On 09/02/2015 11:05 PM, Jeff Woolsey wrote:
This isn't quite the way I remember the CMU
instructions working.
Nor is it exactly how I've implemented them in my emulator.
Sorry that my explanation was scrambled with a few blown synapses. I'll
try again.
CMU was implemented in the lower Cyber 70 (72,73) and 170 (
720, 730) as instructions 464xx through 467xx. However, what happens
with the upper Cybers varies--the 74 and 176 (as well as the 7600 and
6600) treat them as no-ops (46xxx). However, the 750 and 760 treat
464...467 as illegal instructions and error out.
According to my Cyber 72/73 reference, all CMU instructions must be
located in the first parcel of an instruction word. The Cyber 170
restates this in at least two places in the instruction reference. So
no putting an IM in the second or third parcel. The reference for the
lower 170s states that the machine does not execute any instructions in
the lower 2 parcels of a word.
Of course, the other CMU instructions 465-567 occupy a fullword, so no
problems with alignment.
One of the early "tricks' was to take the IM instruction 464 B KKKKKK
instruction, set up a B register and offset, such that the offset would
be encoded as 46000 - a plain old no-op. So, if your B register was 2,
the first 2 parcels of an instruction word looked like:
46420 46000
Two no-ops to a Cyber 74, 7600, 176 so an RJ to the regular move routine
could be put in the lower half of the word. Worked like a dream.

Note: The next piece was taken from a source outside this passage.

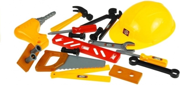Sættet indeholder en let plastikhjelm som en stilfuld detalje til små bygmestre. Den understøtter fantasifuld leg og giver børn en autentisk oplevelse under gør-det-selv-aktiviteter.
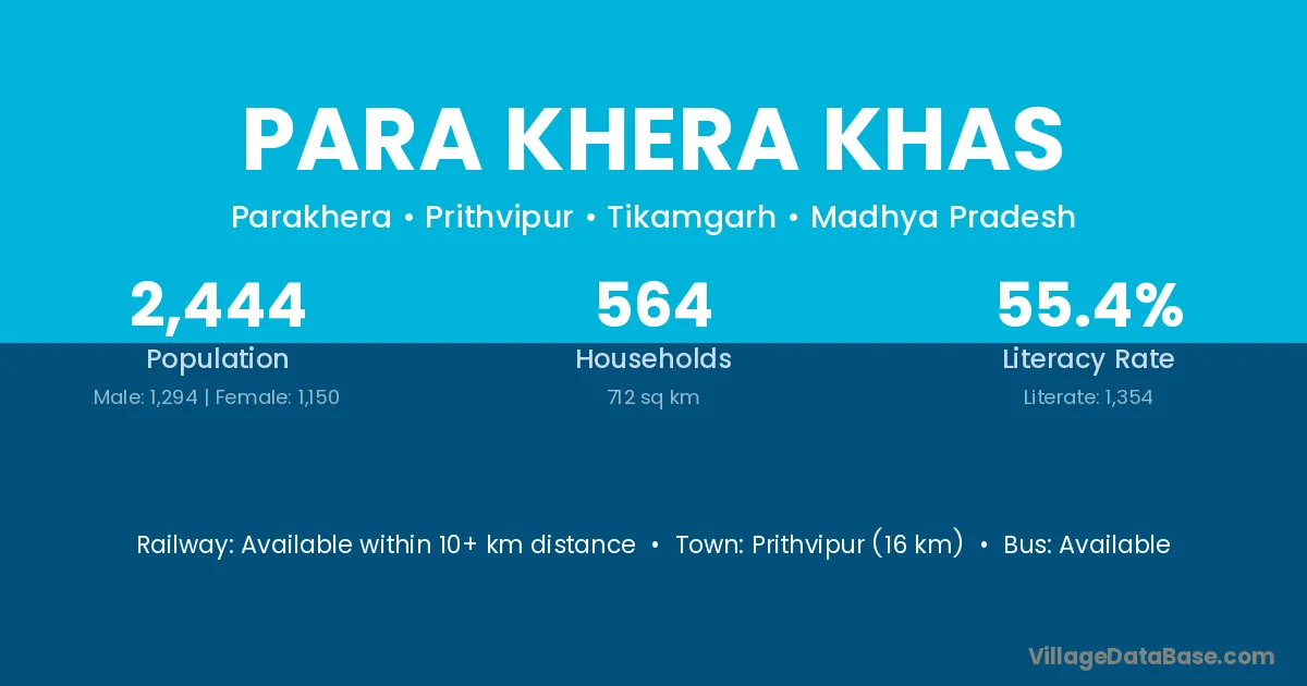 Prithvipur (16 km) is the nearest town to Para Khera Khas village for major economic activities and is located approximately 16 km away.

But when the upper Cyber 170 systems (750, 760) came onto the scene,
that "clever" code quit working. Maybe NOS/NOS-BE recognized the
illegal instruction exception and implemented the IM and other CMU
instructions in software, but I was off onto non-Cyber stuff by then.
Regardless, I do recall some grumbling at the time.
I never knew if the CMU ever amounted to much in the real world other
than for the IM instruction. You pretty much had to build the
instructions for CC CU and DM, which involved a fair amount of setup
code. I'm sure that Don Nelson had a directive from on high to put them
into COBOL, but I never saw any benchmark results--I was off working on
64 bit hardware and 6-bit characters weren't part of my world.
Such is my limited exposure to the late Cyber 70/early Cyber 170
machines re CMU. I have no knowledge of how such stuff worked in 60 bit
mode on the 180s. It's been 40 years after all.